**Task directions:** A word-for-word retyping of the listing is the goal.

------------------------------------------------------------------------

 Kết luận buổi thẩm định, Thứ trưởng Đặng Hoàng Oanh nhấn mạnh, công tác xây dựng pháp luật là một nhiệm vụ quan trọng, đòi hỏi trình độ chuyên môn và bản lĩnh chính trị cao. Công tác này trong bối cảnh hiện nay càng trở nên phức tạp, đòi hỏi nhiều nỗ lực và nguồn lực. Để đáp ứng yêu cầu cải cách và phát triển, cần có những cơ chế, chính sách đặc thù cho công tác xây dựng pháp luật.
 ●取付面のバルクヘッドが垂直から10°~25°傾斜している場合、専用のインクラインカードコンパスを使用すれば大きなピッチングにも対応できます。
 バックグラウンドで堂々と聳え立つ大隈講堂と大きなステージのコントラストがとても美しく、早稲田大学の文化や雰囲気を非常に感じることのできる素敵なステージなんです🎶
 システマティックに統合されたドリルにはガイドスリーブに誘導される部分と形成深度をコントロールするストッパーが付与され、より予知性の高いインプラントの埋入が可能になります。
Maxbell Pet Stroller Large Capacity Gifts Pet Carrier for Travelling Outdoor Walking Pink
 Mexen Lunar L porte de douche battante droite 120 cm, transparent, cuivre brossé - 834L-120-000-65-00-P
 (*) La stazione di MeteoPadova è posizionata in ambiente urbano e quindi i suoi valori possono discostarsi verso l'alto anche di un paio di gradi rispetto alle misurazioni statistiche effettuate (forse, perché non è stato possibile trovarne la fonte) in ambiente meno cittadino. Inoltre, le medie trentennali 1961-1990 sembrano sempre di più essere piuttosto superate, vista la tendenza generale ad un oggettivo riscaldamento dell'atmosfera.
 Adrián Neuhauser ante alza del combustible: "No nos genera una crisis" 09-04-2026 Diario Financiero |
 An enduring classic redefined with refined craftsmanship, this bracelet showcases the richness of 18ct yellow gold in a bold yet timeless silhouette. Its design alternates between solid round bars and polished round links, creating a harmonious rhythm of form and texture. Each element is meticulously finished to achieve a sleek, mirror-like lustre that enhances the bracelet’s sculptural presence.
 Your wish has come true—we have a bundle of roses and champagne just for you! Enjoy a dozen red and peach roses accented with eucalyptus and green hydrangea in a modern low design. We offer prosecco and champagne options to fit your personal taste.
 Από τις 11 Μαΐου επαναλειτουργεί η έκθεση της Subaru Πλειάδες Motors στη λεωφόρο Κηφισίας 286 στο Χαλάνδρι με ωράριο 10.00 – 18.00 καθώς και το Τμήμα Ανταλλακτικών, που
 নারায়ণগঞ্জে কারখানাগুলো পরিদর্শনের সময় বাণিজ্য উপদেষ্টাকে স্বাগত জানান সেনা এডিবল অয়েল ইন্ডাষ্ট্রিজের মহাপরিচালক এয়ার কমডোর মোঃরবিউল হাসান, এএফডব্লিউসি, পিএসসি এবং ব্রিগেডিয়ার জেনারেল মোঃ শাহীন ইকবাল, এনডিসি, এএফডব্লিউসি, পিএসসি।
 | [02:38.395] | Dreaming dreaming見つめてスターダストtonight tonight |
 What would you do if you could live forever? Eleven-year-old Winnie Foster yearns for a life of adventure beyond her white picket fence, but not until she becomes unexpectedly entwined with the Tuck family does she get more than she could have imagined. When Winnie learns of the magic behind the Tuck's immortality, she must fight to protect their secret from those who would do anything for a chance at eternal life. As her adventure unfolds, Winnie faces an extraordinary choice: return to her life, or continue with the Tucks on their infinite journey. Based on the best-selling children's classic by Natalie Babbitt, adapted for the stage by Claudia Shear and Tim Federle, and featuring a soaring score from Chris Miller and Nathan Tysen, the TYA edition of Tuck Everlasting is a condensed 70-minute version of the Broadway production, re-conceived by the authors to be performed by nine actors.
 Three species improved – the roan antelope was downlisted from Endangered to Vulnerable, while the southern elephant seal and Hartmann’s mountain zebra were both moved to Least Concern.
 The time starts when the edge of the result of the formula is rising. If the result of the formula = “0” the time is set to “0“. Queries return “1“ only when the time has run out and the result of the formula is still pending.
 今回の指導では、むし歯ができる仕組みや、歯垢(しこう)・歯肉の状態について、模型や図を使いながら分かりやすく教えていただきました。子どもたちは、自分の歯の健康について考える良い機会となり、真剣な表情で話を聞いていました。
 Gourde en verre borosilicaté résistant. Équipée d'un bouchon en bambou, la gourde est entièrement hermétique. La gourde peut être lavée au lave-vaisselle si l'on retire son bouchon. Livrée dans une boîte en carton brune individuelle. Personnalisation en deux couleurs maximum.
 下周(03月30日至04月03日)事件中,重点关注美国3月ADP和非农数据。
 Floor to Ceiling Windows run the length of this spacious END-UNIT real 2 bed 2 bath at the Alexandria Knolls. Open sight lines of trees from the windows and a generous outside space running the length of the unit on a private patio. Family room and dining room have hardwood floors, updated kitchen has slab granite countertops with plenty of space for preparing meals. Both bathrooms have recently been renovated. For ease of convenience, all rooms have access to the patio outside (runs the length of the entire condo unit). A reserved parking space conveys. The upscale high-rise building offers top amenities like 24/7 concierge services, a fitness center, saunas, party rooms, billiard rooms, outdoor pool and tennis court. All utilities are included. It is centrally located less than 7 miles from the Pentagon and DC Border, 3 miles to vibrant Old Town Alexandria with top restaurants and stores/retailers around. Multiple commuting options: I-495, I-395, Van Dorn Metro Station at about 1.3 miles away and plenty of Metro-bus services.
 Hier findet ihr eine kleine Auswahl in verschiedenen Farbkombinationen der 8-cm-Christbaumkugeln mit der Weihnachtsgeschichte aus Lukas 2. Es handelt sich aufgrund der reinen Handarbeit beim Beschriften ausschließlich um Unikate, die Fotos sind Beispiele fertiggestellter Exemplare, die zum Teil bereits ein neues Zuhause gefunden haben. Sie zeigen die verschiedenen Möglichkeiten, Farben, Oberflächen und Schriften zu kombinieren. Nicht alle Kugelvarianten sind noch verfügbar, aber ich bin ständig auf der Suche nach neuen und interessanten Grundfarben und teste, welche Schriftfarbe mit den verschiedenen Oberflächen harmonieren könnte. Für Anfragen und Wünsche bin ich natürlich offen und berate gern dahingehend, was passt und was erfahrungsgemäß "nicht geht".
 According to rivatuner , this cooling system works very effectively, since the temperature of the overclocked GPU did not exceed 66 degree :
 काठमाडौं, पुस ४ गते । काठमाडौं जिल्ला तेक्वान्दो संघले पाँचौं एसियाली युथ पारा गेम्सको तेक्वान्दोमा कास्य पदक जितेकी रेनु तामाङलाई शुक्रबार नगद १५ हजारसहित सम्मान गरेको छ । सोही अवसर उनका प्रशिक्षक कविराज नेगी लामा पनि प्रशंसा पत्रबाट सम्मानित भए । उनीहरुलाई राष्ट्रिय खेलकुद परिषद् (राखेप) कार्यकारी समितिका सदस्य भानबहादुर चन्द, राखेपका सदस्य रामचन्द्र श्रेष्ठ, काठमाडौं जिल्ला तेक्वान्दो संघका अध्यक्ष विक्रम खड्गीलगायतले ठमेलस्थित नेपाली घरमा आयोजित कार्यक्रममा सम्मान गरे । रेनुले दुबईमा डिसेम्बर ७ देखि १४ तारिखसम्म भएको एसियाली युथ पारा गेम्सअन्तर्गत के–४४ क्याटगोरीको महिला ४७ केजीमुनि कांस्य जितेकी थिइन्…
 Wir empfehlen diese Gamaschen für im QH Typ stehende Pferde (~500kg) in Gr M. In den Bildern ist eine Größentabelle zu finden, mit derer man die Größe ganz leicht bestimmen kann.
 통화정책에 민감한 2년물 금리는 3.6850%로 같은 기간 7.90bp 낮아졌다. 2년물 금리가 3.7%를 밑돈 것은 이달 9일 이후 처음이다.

------------------------------------------------------------------------

**Exercise answer:**
 Kết luận buổi thẩm định, Thứ trưởng Đặng Hoàng Oanh nhấn mạnh, công tác xây dựng pháp luật là một nhiệm vụ quan trọng, đòi hỏi trình độ chuyên môn và bản lĩnh chính trị cao. Công tác này trong bối cảnh hiện nay càng trở nên phức tạp, đòi hỏi nhiều nỗ lực và nguồn lực. Để đáp ứng yêu cầu cải cách và phát triển, cần có những cơ chế, chính sách đặc thù cho công tác xây dựng pháp luật.
 ●取付面のバルクヘッドが垂直から10°~25°傾斜している場合、専用のインクラインカードコンパスを使用すれば大きなピッチングにも対応できます。
 バックグラウンドで堂々と聳え立つ大隈講堂と大きなステージのコントラストがとても美しく、早稲田大学の文化や雰囲気を非常に感じることのできる素敵なステージなんです🎶
 システマティックに統合されたドリルにはガイドスリーブに誘導される部分と形成深度をコントロールするストッパーが付与され、より予知性の高いインプラントの埋入が可能になります。
Maxbell Pet Stroller Large Capacity Gifts Pet Carrier for Travelling Outdoor Walking Pink
 Mexen Lunar L porte de douche battante droite 120 cm, transparent, cuivre brossé - 834L-120-000-65-00-P
 (*) La stazione di MeteoPadova è posizionata in ambiente urbano e quindi i suoi valori possono discostarsi verso l'alto anche di un paio di gradi rispetto alle misurazioni statistiche effettuate (forse, perché non è stato possibile trovarne la fonte) in ambiente meno cittadino. Inoltre, le medie trentennali 1961-1990 sembrano sempre di più essere piuttosto superate, vista la tendenza generale ad un oggettivo riscaldamento dell'atmosfera.
 Adrián Neuhauser ante alza del combustible: "No nos genera una crisis" 09-04-2026 Diario Financiero |
 An enduring classic redefined with refined craftsmanship, this bracelet showcases the richness of 18ct yellow gold in a bold yet timeless silhouette. Its design alternates between solid round bars and polished round links, creating a harmonious rhythm of form and texture. Each element is meticulously finished to achieve a sleek, mirror-like lustre that enhances the bracelet’s sculptural presence.
 Your wish has come true—we have a bundle of roses and champagne just for you! Enjoy a dozen red and peach roses accented with eucalyptus and green hydrangea in a modern low design. We offer prosecco and champagne options to fit your personal taste.
 Από τις 11 Μαΐου επαναλειτουργεί η έκθεση της Subaru Πλειάδες Motors στη λεωφόρο Κηφισίας 286 στο Χαλάνδρι με ωράριο 10.00 – 18.00 καθώς και το Τμήμα Ανταλλακτικών, που
 নারায়ণগঞ্জে কারখানাগুলো পরিদর্শনের সময় বাণিজ্য উপদেষ্টাকে স্বাগত জানান সেনা এডিবল অয়েল ইন্ডাষ্ট্রিজের মহাপরিচালক এয়ার কমডোর মোঃরবিউল হাসান, এএফডব্লিউসি, পিএসসি এবং ব্রিগেডিয়ার জেনারেল মোঃ শাহীন ইকবাল, এনডিসি, এএফডব্লিউসি, পিএসসি।
 | [02:38.395] | Dreaming dreaming見つめてスターダストtonight tonight |
 What would you do if you could live forever? Eleven-year-old Winnie Foster yearns for a life of adventure beyond her white picket fence, but not until she becomes unexpectedly entwined with the Tuck family does she get more than she could have imagined. When Winnie learns of the magic behind the Tuck's immortality, she must fight to protect their secret from those who would do anything for a chance at eternal life. As her adventure unfolds, Winnie faces an extraordinary choice: return to her life, or continue with the Tucks on their infinite journey. Based on the best-selling children's classic by Natalie Babbitt, adapted for the stage by Claudia Shear and Tim Federle, and featuring a soaring score from Chris Miller and Nathan Tysen, the TYA edition of Tuck Everlasting is a condensed 70-minute version of the Broadway production, re-conceived by the authors to be performed by nine actors.
 Three species improved – the roan antelope was downlisted from Endangered to Vulnerable, while the southern elephant seal and Hartmann’s mountain zebra were both moved to Least Concern.
 The time starts when the edge of the result of the formula is rising. If the result of the formula = “0” the time is set to “0“. Queries return “1“ only when the time has run out and the result of the formula is still pending.
 今回の指導では、むし歯ができる仕組みや、歯垢(しこう)・歯肉の状態について、模型や図を使いながら分かりやすく教えていただきました。子どもたちは、自分の歯の健康について考える良い機会となり、真剣な表情で話を聞いていました。
 Gourde en verre borosilicaté résistant. Équipée d'un bouchon en bambou, la gourde est entièrement hermétique. La gourde peut être lavée au lave-vaisselle si l'on retire son bouchon. Livrée dans une boîte en carton brune individuelle. Personnalisation en deux couleurs maximum.
 下周(03月30日至04月03日)事件中,重点关注美国3月ADP和非农数据。
 Floor to Ceiling Windows run the length of this spacious END-UNIT real 2 bed 2 bath at the Alexandria Knolls. Open sight lines of trees from the windows and a generous outside space running the length of the unit on a private patio. Family room and dining room have hardwood floors, updated kitchen has slab granite countertops with plenty of space for preparing meals. Both bathrooms have recently been renovated. For ease of convenience, all rooms have access to the patio outside (runs the length of the entire condo unit). A reserved parking space conveys. The upscale high-rise building offers top amenities like 24/7 concierge services, a fitness center, saunas, party rooms, billiard rooms, outdoor pool and tennis court. All utilities are included. It is centrally located less than 7 miles from the Pentagon and DC Border, 3 miles to vibrant Old Town Alexandria with top restaurants and stores/retailers around. Multiple commuting options: I-495, I-395, Van Dorn Metro Station at about 1.3 miles away and plenty of Metro-bus services.
 Hier findet ihr eine kleine Auswahl in verschiedenen Farbkombinationen der 8-cm-Christbaumkugeln mit der Weihnachtsgeschichte aus Lukas 2. Es handelt sich aufgrund der reinen Handarbeit beim Beschriften ausschließlich um Unikate, die Fotos sind Beispiele fertiggestellter Exemplare, die zum Teil bereits ein neues Zuhause gefunden haben. Sie zeigen die verschiedenen Möglichkeiten, Farben, Oberflächen und Schriften zu kombinieren. Nicht alle Kugelvarianten sind noch verfügbar, aber ich bin ständig auf der Suche nach neuen und interessanten Grundfarben und teste, welche Schriftfarbe mit den verschiedenen Oberflächen harmonieren könnte. Für Anfragen und Wünsche bin ich natürlich offen und berate gern dahingehend, was passt und was erfahrungsgemäß "nicht geht".
 According to rivatuner , this cooling system works very effectively, since the temperature of the overclocked GPU did not exceed 66 degree :
 काठमाडौं, पुस ४ गते । काठमाडौं जिल्ला तेक्वान्दो संघले पाँचौं एसियाली युथ पारा गेम्सको तेक्वान्दोमा कास्य पदक जितेकी रेनु तामाङलाई शुक्रबार नगद १५ हजारसहित सम्मान गरेको छ । सोही अवसर उनका प्रशिक्षक कविराज नेगी लामा पनि प्रशंसा पत्रबाट सम्मानित भए । उनीहरुलाई राष्ट्रिय खेलकुद परिषद् (राखेप) कार्यकारी समितिका सदस्य भानबहादुर चन्द, राखेपका सदस्य रामचन्द्र श्रेष्ठ, काठमाडौं जिल्ला तेक्वान्दो संघका अध्यक्ष विक्रम खड्गीलगायतले ठमेलस्थित नेपाली घरमा आयोजित कार्यक्रममा सम्मान गरे । रेनुले दुबईमा डिसेम्बर ७ देखि १४ तारिखसम्म भएको एसियाली युथ पारा गेम्सअन्तर्गत के–४४ क्याटगोरीको महिला ४७ केजीमुनि कांस्य जितेकी थिइन्…
 Wir empfehlen diese Gamaschen für im QH Typ stehende Pferde (~500kg) in Gr M. In den Bildern ist eine Größentabelle zu finden, mit derer man die Größe ganz leicht bestimmen kann.
 통화정책에 민감한 2년물 금리는 3.6850%로 같은 기간 7.90bp 낮아졌다. 2년물 금리가 3.7%를 밑돈 것은 이달 9일 이후 처음이다.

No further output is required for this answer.